_Extracted records:_
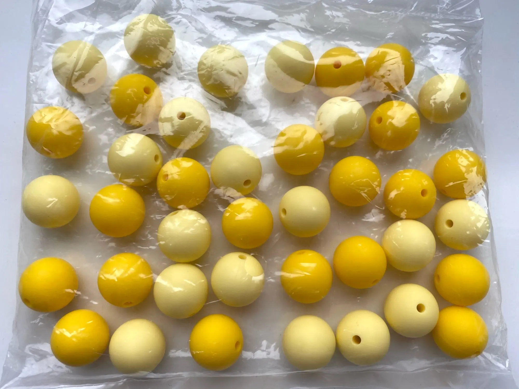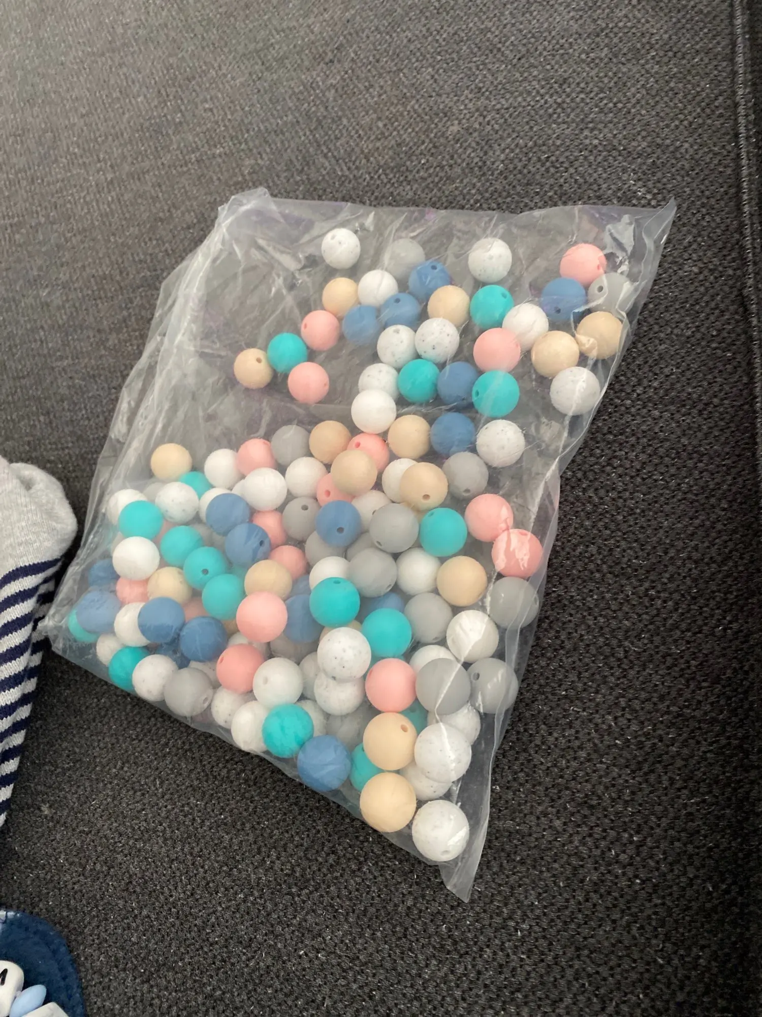 Хорошие крупные бусины! Пахнут резиной. Жаль, что шнурок пролезет только самый тоненький, не так безопасно, если использовать как слингобусы для малышей
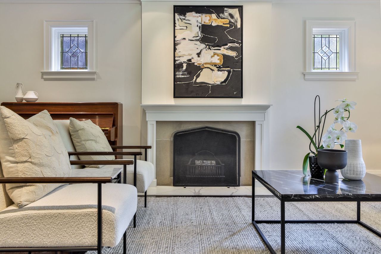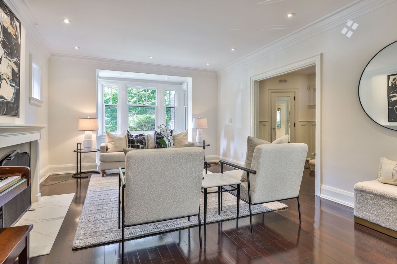 Hardwood Floor Marble Fireplace Bay Window
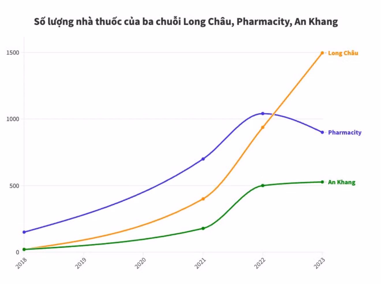 Tuy nhiên, đến thời điểm hiện tại, khi An Khang thuộc Thế Giới Di Động và Pharmacity của SK Group đang gặp khó khăn và nỗ lực tái cấu trúc để tìm kiếm điểm hòa vốn, chuỗi nhà thuốc Long Châu của FPT Retail lại ghi dấu ấn mạnh mẽ với việc mở rộng nhanh chóng lên gần 2.000 cửa hàng trên toàn quốc.
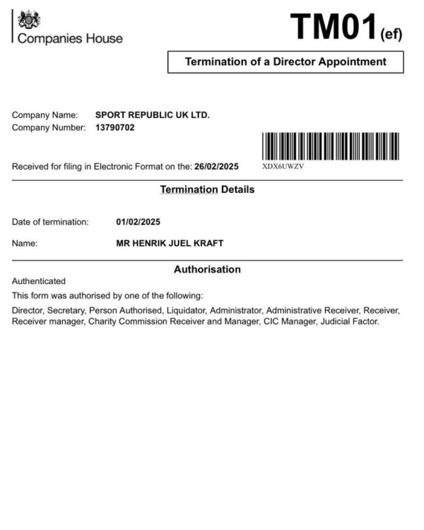 Henrik Kraft left his roles at Valenciennes and Saints a few weeks ago. He has now left his director role at Sport Republic...
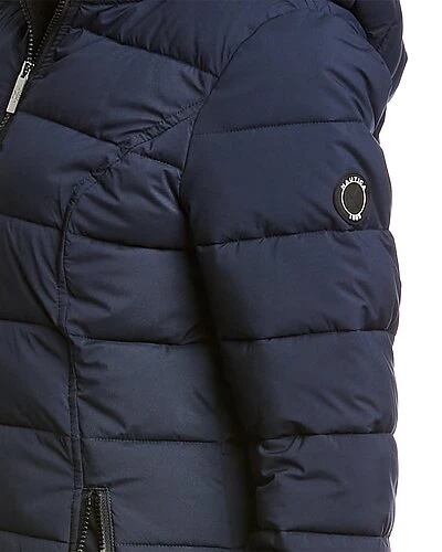 - Design details: quilted puffer style, stand-up collar, removable hood, dual front zipper pockets, and zippered side vents
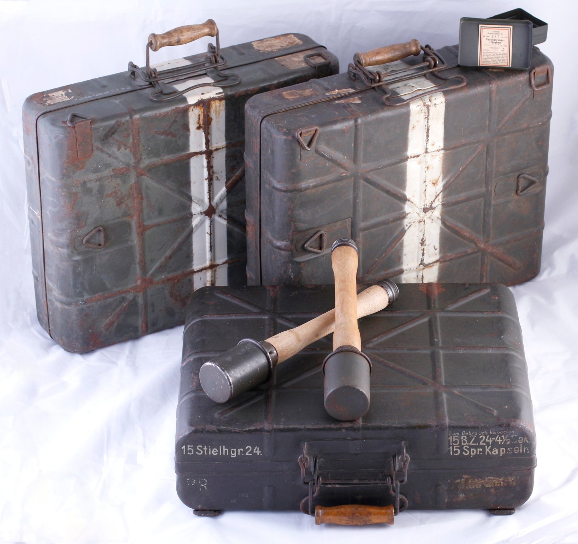 Kaigasgranaatide kohvrid - valge triibuga kohvrites hoiti udugranaate (Nebelhandgranate 39) ja ilma triibuta kohvris ründegranaate (Stielhandgranate 24).
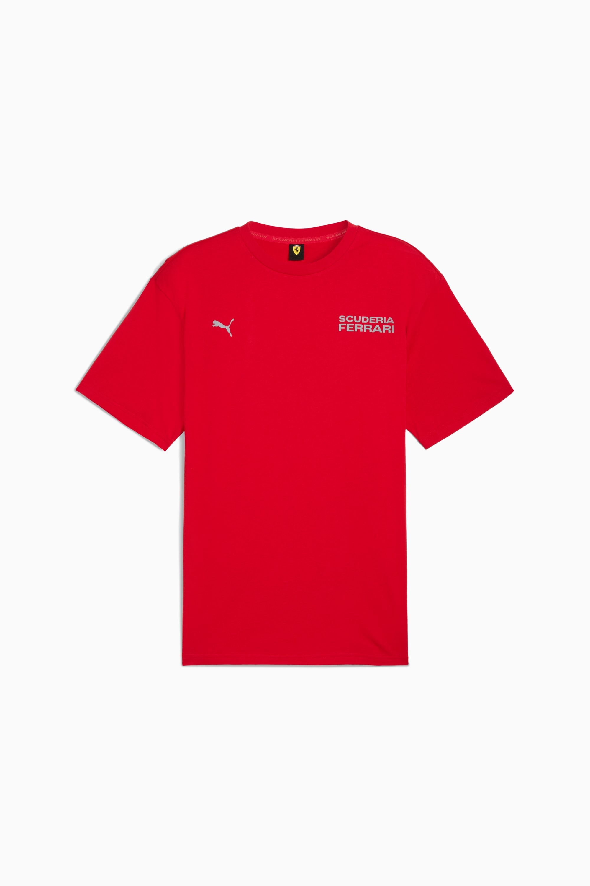 PRODUCT STORY The PUMA and Scuderia Ferrari collection celebrates motorsport excellence and Ferrari's legendary racing heritage. This line of shoes, clothing, and accessories blends style, comfort, and performance with the iconic Scuderia Ferrari colors and details, so you can embrace the Ferrari legacy wherever you go. FEATURES & BENEFITS - Made with at least 20% recycled cotton. DETAILS - Style: 632753_02 - Color: Rosso Corsa - Fit: Regular - Main material: Single jersey - Neck: Crew neck - Short sleeves - Length: Regular - Scuderia Ferrari and PUMA branding details MATERIAL INFORMATION - Shell: 100% cotton - Rib: 71% cotton, 29% polyester

_WHAT YOU SHOULD DO:_
Write out every line of the entries above exactly, and omit their pictures.

_OUTPUT BELOW:_
 Хорошие крупные бусины! Пахнут резиной. Жаль, что шнурок пролезет только самый тоненький, не так безопасно, если использовать как слингобусы для малышей
 Hardwood Floor Marble Fireplace Bay Window
 Tuy nhiên, đến thời điểm hiện tại, khi An Khang thuộc Thế Giới Di Động và Pharmacity của SK Group đang gặp khó khăn và nỗ lực tái cấu trúc để tìm kiếm điểm hòa vốn, chuỗi nhà thuốc Long Châu của FPT Retail lại ghi dấu ấn mạnh mẽ với việc mở rộng nhanh chóng lên gần 2.000 cửa hàng trên toàn quốc.
 Henrik Kraft left his roles at Valenciennes and Saints a few weeks ago. He has now left his director role at Sport Republic...
 - Design details: quilted puffer style, stand-up collar, removable hood, dual front zipper pockets, and zippered side vents
 Kaigasgranaatide kohvrid - valge triibuga kohvrites hoiti udugranaate (Nebelhandgranate 39) ja ilma triibuta kohvris ründegranaate (Stielhandgranate 24).
 PRODUCT STORY The PUMA and Scuderia Ferrari collection celebrates motorsport excellence and Ferrari's legendary racing heritage. This line of shoes, clothing, and accessories blends style, comfort, and performance with the iconic Scuderia Ferrari colors and details, so you can embrace the Ferrari legacy wherever you go. FEATURES & BENEFITS - Made with at least 20% recycled cotton. DETAILS - Style: 632753_02 - Color: Rosso Corsa - Fit: Regular - Main material: Single jersey - Neck: Crew neck - Short sleeves - Length: Regular - Scuderia Ferrari and PUMA branding details MATERIAL INFORMATION - Shell: 100% cotton - Rib: 71% cotton, 29% polyester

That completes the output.